In the United States, boys and girls start kindergarten with similar mathematical skills, but by third grade the boys are already performing better and reporting better confidence. Why? A recent study about how teenagers of different genders perform mathematical tasks like addition, subtraction and multiplication attempts to explain. A December 5 headline from The Conversation sums up the findings: “Girls and boys solve math problems differently — with similar short-term results but different long-term outcomes.”

The authors of the study, Martha Makowski (University of Alabama) and collaborators, report that boys are more likely to use strategies like decomposition. For example, they might reframe $38 + 27$ as $30 + 20 + 8 + 7$. By contrast, girls are more likely to use the standard algorithm for adding multi-digit numbers: Add the units and then the tens, remembering to “carry” the $1$. Both methods work. But on more difficult problems, the students who used the algorithm tend to perform significantly worse than those who did not.

The study tested 213 students at a U.S. high school, 116 female and 97 male. The 50-minute test included:

  • Three multiple-choice computations:
    • $25 \times 9$,
    • $600 – 498$,
    • $19 + 47 + 31$.
  • Questions about how the students had solved each of the items. Regarding the last one, for example, they were given four options:
    • I used a written algorithm, setting it up like this$$\begin{array}{r}19\\47\\+31\\\hline\end{array}$$
    • I added $19+31$ in my head, and then added $50+47$.
    • I guessed.
    • Other: (please explain)
  • A set of eight mathematics problems “shown to have gender differences in national samples.” One example:
    Interval [0,1] on number line with points in increasing order: A, B, p, C, D, r, E, 1.
    Sample problem: On the number line above, which of the letters could be identifying the product $p \times r$?

    a. A $~~$ b. B $~~$ c. C $~~$ d. D $~~$ e. E
    Adapted from image in Lubienski et al., Journal for Research in Mathematics Education 52 12-61.

In their discussion, the authors report “a persistent pattern” of female students using algorithms more than males, and that more frequent algorithm use “persistently predicted” lower performance in problem-solving.
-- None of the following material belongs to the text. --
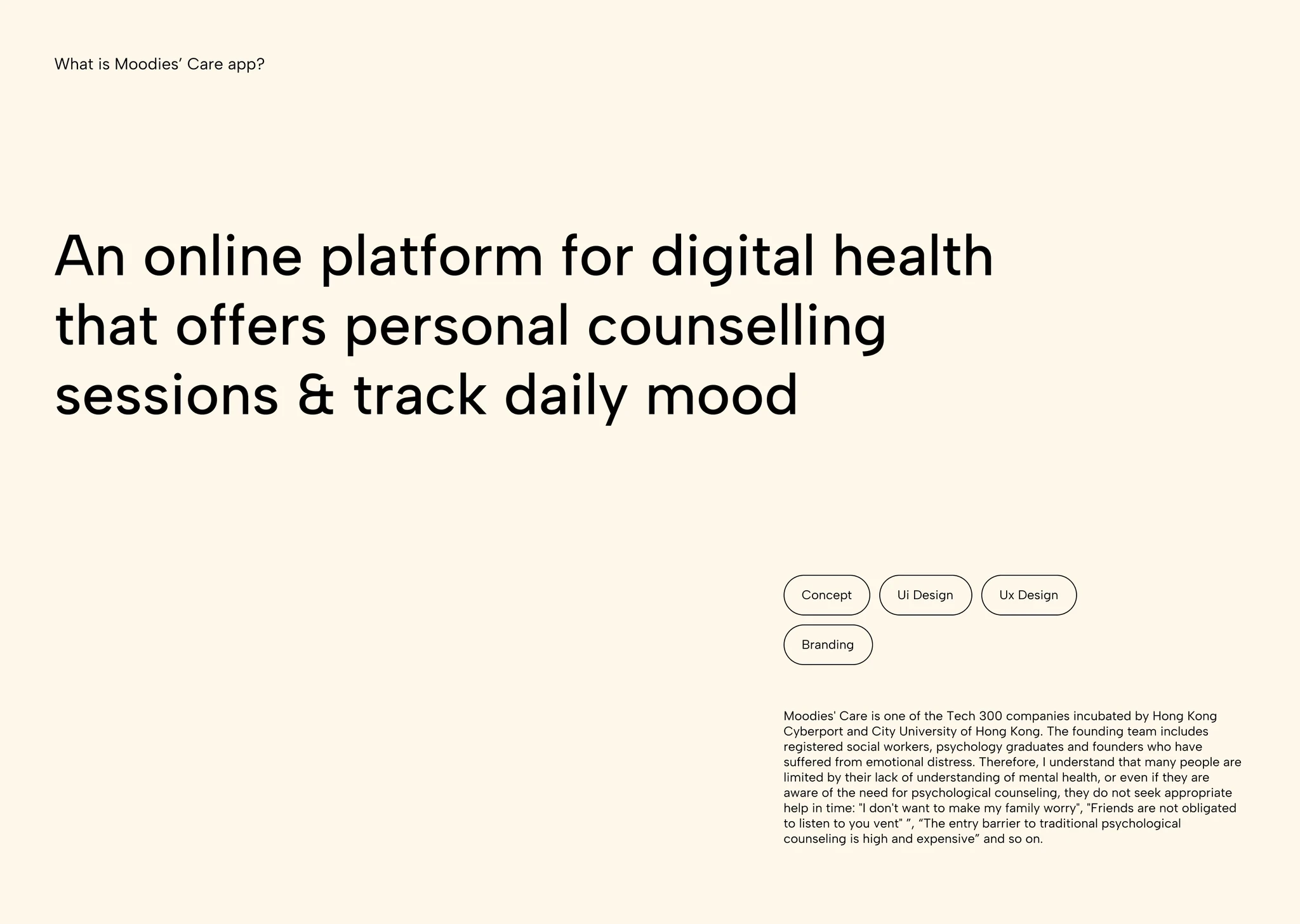 Moodies Care is a digital health platform designed to make psychological support more accessible, friendly, and approachable. The app offers personal counselling sessions, daily mood tracking, and self-help content tailored to emotional well-being.

Graph showing that more than half of girls used algorithms for all 3 questions, and more than half of boys never used algorithms.
Girls were almost three times more likely than boys to have used an algorithm on the multiple-choice computation questions, while boys were almost three times as likely as girls to have used an alternative strategy. Image from The Conversation, used under CC-BY-ND license, lightly edited.

Not every country suffers from a U.S.-style gender gap in mathematics. A 2016 study by Chen Shen et al. in the Journal of Experimental Child Psychology involved first graders from the U.S., Russia and Taiwan. Among American and Russian students, the authors reported the same pattern of gender differences that is documented above. In Taiwan, on the other hand, they reported no gender differences in strategies or in accuracy. They suggest educational context should be examined when investigating the differences between boys’ and girls’ performance in mathematics.

It is clear from the Shen et al. report that what they call “educational context” begins to impact gender differences in children’s mathematical development as soon as they start school. Additional evidence is provided in the report of a 4-year longitudinal study of all French first and second graders, over 2.5 million children. “Rapid emergence of a maths gender gap in first grade,”, by Pauline Martinot, Stanislas Dehaene and collaborators, appeared in Nature last June.